### Your assignment
Reproduce the entries below exactly, but leave the pictures out.

### Dataset records

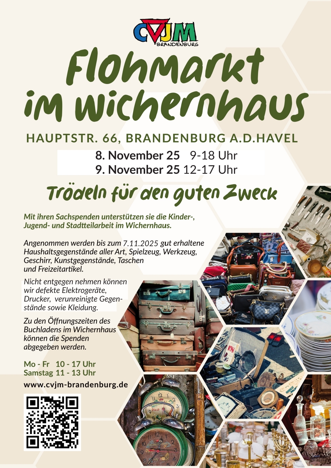 Sachspenden darüber hinaus sind auch wieder für den großen Trödelmarkt im November erwünscht, mit dessen Einnahmen die Kinder-, Jugend- und Stadtteilarbeit im Wichernhaus unterstützt wird. Bis zum 7. November können gut erhaltene Haushalts- und Kunstgegenstände, Spielzeug, Werkzeug, Geschirr und Freizeitartikel im Buchladen abgegeben werden – montags bis freitags zwischen 10:00 und 18:00 Uhr, Samstag von 11:00 bis 13:00 Uhr.
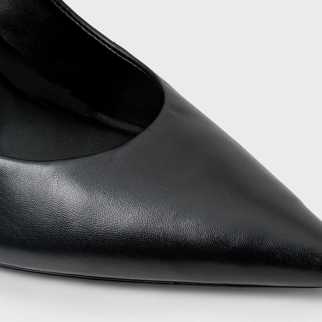 Scarpin de couro. O modelo possui salto estilo pino alto e bico fino. Acompanha a anatomia do pé, prezando pelo conforto e estabilidade na hora do calce.
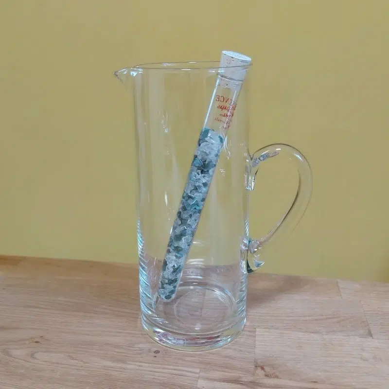 Zuerst reinige den Glasstab. Danach stelle ihn vorsichtig in einen Wasserkrug/Karaffe und fülle ihn mit Wasser. Warte ca. 15-30 Minuten und das Wasser ist energetisiert. Das Edelsteinwasser hat nun die Informationen von den Heilsteinen/Kristallen/Edelsteinen aufgenommen. Du kannst den Wasserkrug immer wieder mit frischem Wasser auffüllen. Bitte kein kohlesäurehaltiges Wasser verwenden.
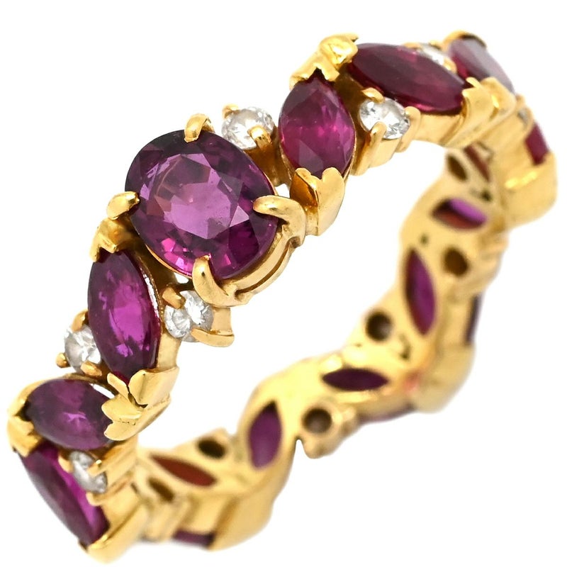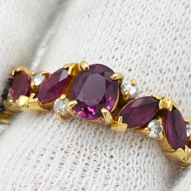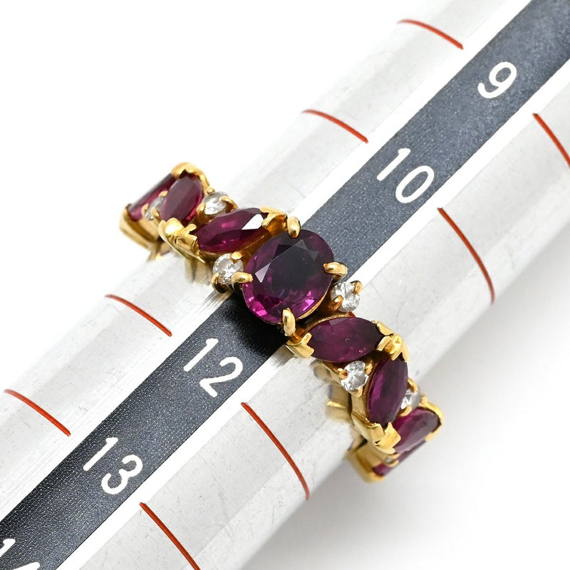 リング 指輪 ルビー ダイヤリング イエローゴールド レッド 赤 オーバルミックスカット 18K 750 YG 11号 【中古】
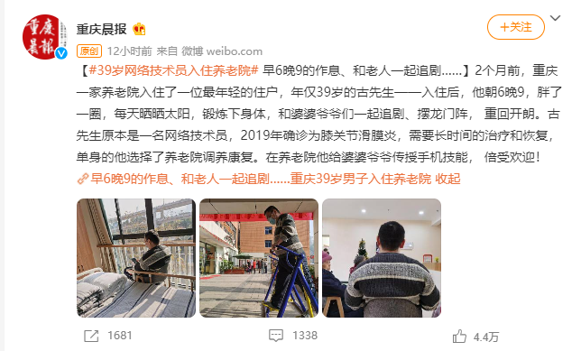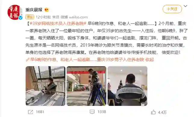 2 个月前,重庆一家养老院入住了一位最年轻的住户,年仅 39 岁的古先生——入住后,他朝 6 晚 9,胖了一圈,每天晒晒太阳,锻炼下身体,和婆婆爷爷们一起追剧、摆龙门阵, 重回开朗。古先生原本是一名网络技术员,2019 年确诊为膝关节滑膜炎,需要长时间的治疗和恢复,单身的他选择了养老院调养康复。在养老院他给婆婆爷爷传授手机技能, 倍受欢迎。
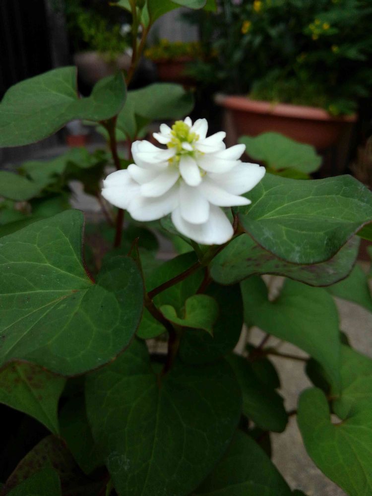 ドクダミを嫌う人は多いけど…私は純白の花が咲いて好き❗️八重咲きは初めてです😁
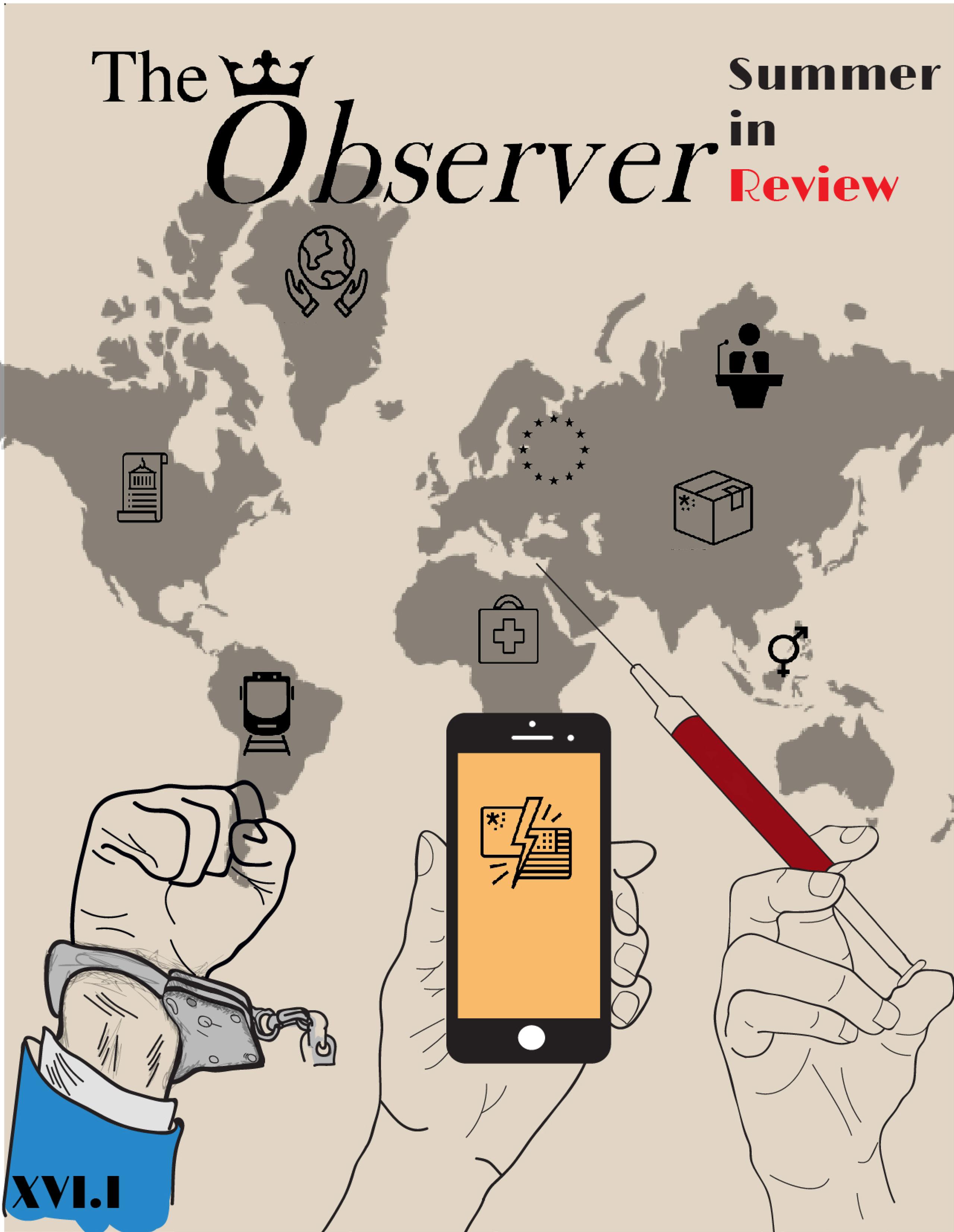 A sincere welcome to Volume XVI.I of the Observer and to the annual installment of our Summer-in-Review issue! This year, we have a strong diversity of issues being covered. The field of international relations is multifaceted and growing faster than ever, and therefore the work of our writers encompass many of the different conflicts, issues and ideas that we face in today’s fast-paced and increasingly globalized world. As you flip through the pages of this issue, you will read about topics ranging from identity, intrastate and interstate conflict, to topics exploring social issues and human rights, public health, technology, art and fashion.
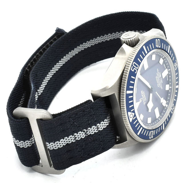 | 店長メモ | フランス海軍の特殊部隊との共同開発で誕生したペラゴス FXD 一塊のブロックから加工し固定されたストラップバーが特徴的で、ケースバックには“Marine nationale”(フランス海軍)が刻印されています。 200m防水を備え、ムーブメントには自社製キャリバーMT5602が搭載されています。 |
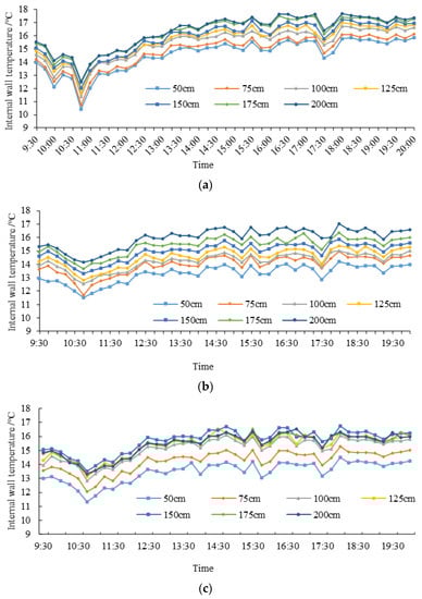 Variations in wall temperature at different locations with time: (a) east wall; (b) west wall; (c) north wall.
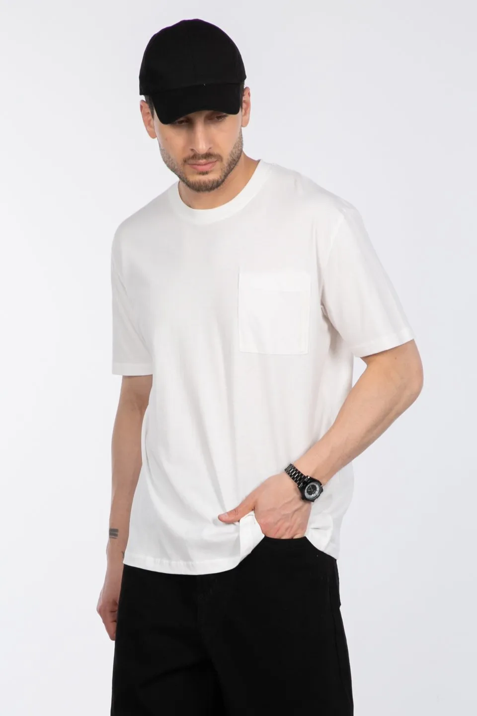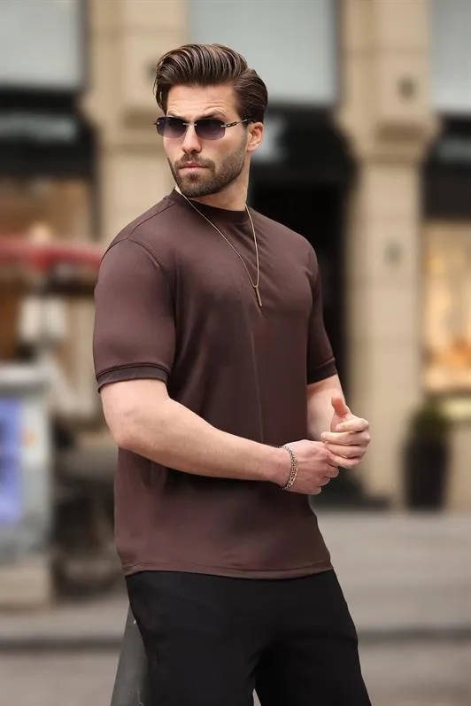 تي شيرت سادة بياقة دائرية وأكمام قصيرة للرجال
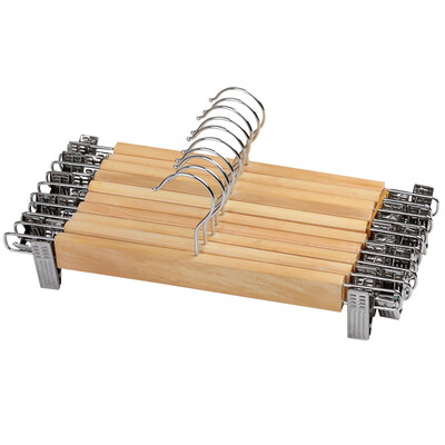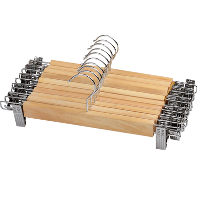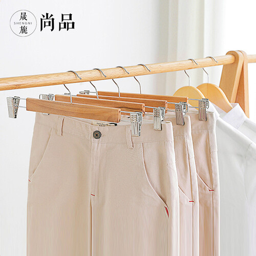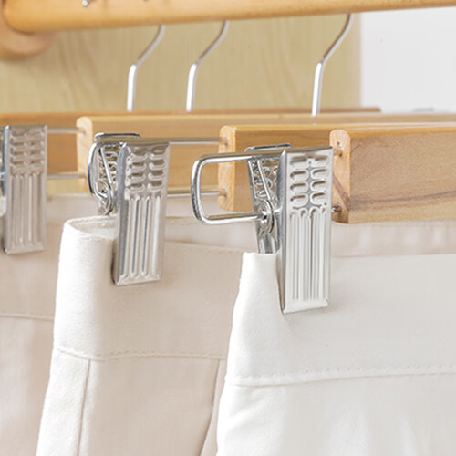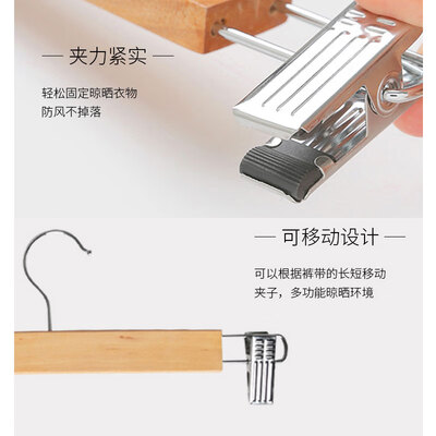 夹头采用不锈钢材质制作,做工精细,夹力更强,裤子挂置不易掉落。衣架是原木质感,清新自然,触感光滑又细腻。
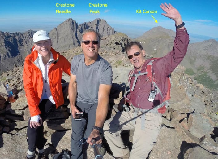 Summit Humboldt Peak at 14,064’, 9:00 am Monday, August 21, 2017, 4 ½ hours from Camp including getting lost. Three great 14ers are in the background.
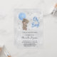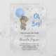 For a baby shower celebrating a baby boy. A faux silver metallic looking background. A teddy bear holding a blue balloon stars and faux glitter dust. Personalise and add the name of the mum to-be and party details. The name and the text: Oh Boy! are written with a hand lettered style script
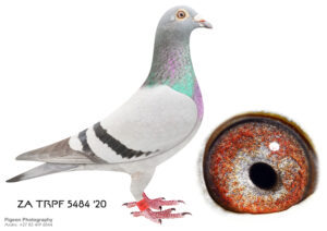 LOT 20 CORRIE NAUDE 2 – ZA 20 TRPF 4858 -SIRE:29737 ZA 15.Sanpo Gold Medal Pair The father is Seabiscuit who was the SANPO Gold Medal winner. The best bird over all distances. Mated to Hetti. One of the best Million Dollar Race pigeons, bred out of Gabi Vandenabeele bloodline. The legendary Wittenbuik cock in Belgium.———DAM:3036 ZA GPU 18 Gold Medal BBPD Sanpo Gold & Silver Medal Pair Short Dis The Sire of this hen is a Spritzie Jansen Cock and 3 x winner. Best pigeon in the WRRPA and one of the SANPO Gold Medal Short Distance winners. The Dam of this hen is my SA National Pigeon Organisation Silver Medal Winner Short distance 2013.SEE PEDIGREE!!!!
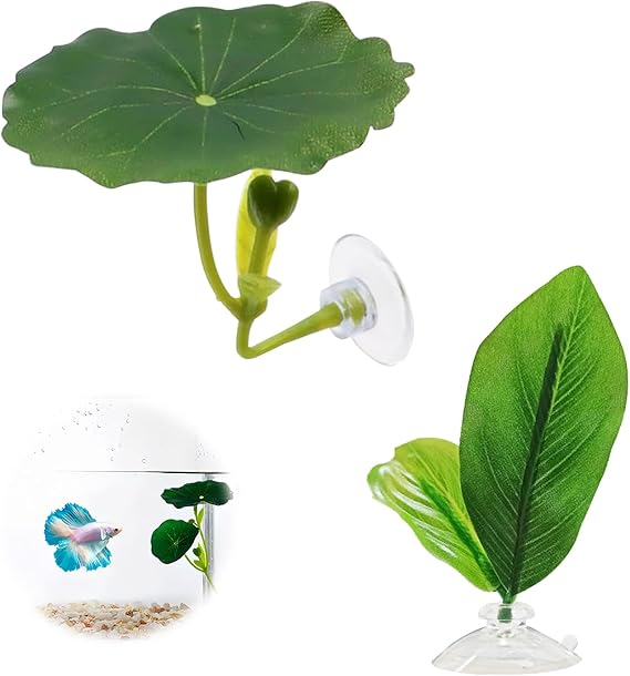 PAVIKE ベタベッドリーフ 2枚セットベタの魚の葉 ベタの産卵葉 ベタ用休憩リーフ 吸盤付き 自然再現設計魚 水槽 アクセサリー アクアリウム装飾 観賞魚/熱帯魚/金魚 隠れ家 水族館内装 産卵 繁殖用 a

### Response area
 Sachspenden darüber hinaus sind auch wieder für den großen Trödelmarkt im November erwünscht, mit dessen Einnahmen die Kinder-, Jugend- und Stadtteilarbeit im Wichernhaus unterstützt wird. Bis zum 7. November können gut erhaltene Haushalts- und Kunstgegenstände, Spielzeug, Werkzeug, Geschirr und Freizeitartikel im Buchladen abgegeben werden – montags bis freitags zwischen 10:00 und 18:00 Uhr, Samstag von 11:00 bis 13:00 Uhr.
 Scarpin de couro. O modelo possui salto estilo pino alto e bico fino. Acompanha a anatomia do pé, prezando pelo conforto e estabilidade na hora do calce.
 Zuerst reinige den Glasstab. Danach stelle ihn vorsichtig in einen Wasserkrug/Karaffe und fülle ihn mit Wasser. Warte ca. 15-30 Minuten und das Wasser ist energetisiert. Das Edelsteinwasser hat nun die Informationen von den Heilsteinen/Kristallen/Edelsteinen aufgenommen. Du kannst den Wasserkrug immer wieder mit frischem Wasser auffüllen. Bitte kein kohlesäurehaltiges Wasser verwenden.
 リング 指輪 ルビー ダイヤリング イエローゴールド レッド 赤 オーバルミックスカット 18K 750 YG 11号 【中古】
 2 个月前,重庆一家养老院入住了一位最年轻的住户,年仅 39 岁的古先生——入住后,他朝 6 晚 9,胖了一圈,每天晒晒太阳,锻炼下身体,和婆婆爷爷们一起追剧、摆龙门阵, 重回开朗。古先生原本是一名网络技术员,2019 年确诊为膝关节滑膜炎,需要长时间的治疗和恢复,单身的他选择了养老院调养康复。在养老院他给婆婆爷爷传授手机技能, 倍受欢迎。
 ドクダミを嫌う人は多いけど…私は純白の花が咲いて好き❗️八重咲きは初めてです😁
 A sincere welcome to Volume XVI.I of the Observer and to the annual installment of our Summer-in-Review issue! This year, we have a strong diversity of issues being covered. The field of international relations is multifaceted and growing faster than ever, and therefore the work of our writers encompass many of the different conflicts, issues and ideas that we face in today’s fast-paced and increasingly globalized world. As you flip through the pages of this issue, you will read about topics ranging from identity, intrastate and interstate conflict, to topics exploring social issues and human rights, public health, technology, art and fashion.
 | 店長メモ | フランス海軍の特殊部隊との共同開発で誕生したペラゴス FXD 一塊のブロックから加工し固定されたストラップバーが特徴的で、ケースバックには“Marine nationale”(フランス海軍)が刻印されています。 200m防水を備え、ムーブメントには自社製キャリバーMT5602が搭載されています。 |
 Variations in wall temperature at different locations with time: (a) east wall; (b) west wall; (c) north wall.
 تي شيرت سادة بياقة دائرية وأكمام قصيرة للرجال
 夹头采用不锈钢材质制作,做工精细,夹力更强,裤子挂置不易掉落。衣架是原木质感,清新自然,触感光滑又细腻。
 Summit Humboldt Peak at 14,064’, 9:00 am Monday, August 21, 2017, 4 ½ hours from Camp including getting lost. Three great 14ers are in the background.
 For a baby shower celebrating a baby boy. A faux silver metallic looking background. A teddy bear holding a blue balloon stars and faux glitter dust. Personalise and add the name of the mum to-be and party details. The name and the text: Oh Boy! are written with a hand lettered style script
 LOT 20 CORRIE NAUDE 2 – ZA 20 TRPF 4858 -SIRE:29737 ZA 15.Sanpo Gold Medal Pair The father is Seabiscuit who was the SANPO Gold Medal winner. The best bird over all distances. Mated to Hetti. One of the best Million Dollar Race pigeons, bred out of Gabi Vandenabeele bloodline. The legendary Wittenbuik cock in Belgium.———DAM:3036 ZA GPU 18 Gold Medal BBPD Sanpo Gold & Silver Medal Pair Short Dis The Sire of this hen is a Spritzie Jansen Cock and 3 x winner. Best pigeon in the WRRPA and one of the SANPO Gold Medal Short Distance winners. The Dam of this hen is my SA National Pigeon Organisation Silver Medal Winner Short distance 2013.SEE PEDIGREE!!!!
 PAVIKE ベタベッドリーフ 2枚セットベタの魚の葉 ベタの産卵葉 ベタ用休憩リーフ 吸盤付き 自然再現設計魚 水槽 アクセサリー アクアリウム装飾 観賞魚/熱帯魚/金魚 隠れ家 水族館内装 産卵 繁殖用 a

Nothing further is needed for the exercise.